- EXERCISE BRIEF
From the listing below, reproduce word for word the part that opens with the line containing "Concepção, fabrico e" and closes with the line containing "操作的时候没看清楚,应该是从火花塞的位置插入干冰机金属管进行清除积碳的"; reproduce nothing else.
--- EXTRACTED ENTRIES Enclosed Below ---
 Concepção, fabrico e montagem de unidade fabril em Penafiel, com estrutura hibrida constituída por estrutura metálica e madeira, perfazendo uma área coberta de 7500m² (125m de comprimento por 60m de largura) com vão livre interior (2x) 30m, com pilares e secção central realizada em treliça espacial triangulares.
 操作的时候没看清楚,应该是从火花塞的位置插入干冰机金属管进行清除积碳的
--- End of Enclosed EXTRACTED ENTRIES ---
--- EXTRACTED ENTRIES Enclosed Below ---
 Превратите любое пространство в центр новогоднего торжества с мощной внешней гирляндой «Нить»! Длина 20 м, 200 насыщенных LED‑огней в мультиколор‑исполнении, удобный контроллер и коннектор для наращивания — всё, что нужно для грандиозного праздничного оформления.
--- End of Enclosed EXTRACTED ENTRIES ---
- RESPONSE
 Concepção, fabrico e montagem de unidade fabril em Penafiel, com estrutura hibrida constituída por estrutura metálica e madeira, perfazendo uma área coberta de 7500m² (125m de comprimento por 60m de largura) com vão livre interior (2x) 30m, com pilares e secção central realizada em treliça espacial triangulares.
 操作的时候没看清楚,应该是从火花塞的位置插入干冰机金属管进行清除积碳的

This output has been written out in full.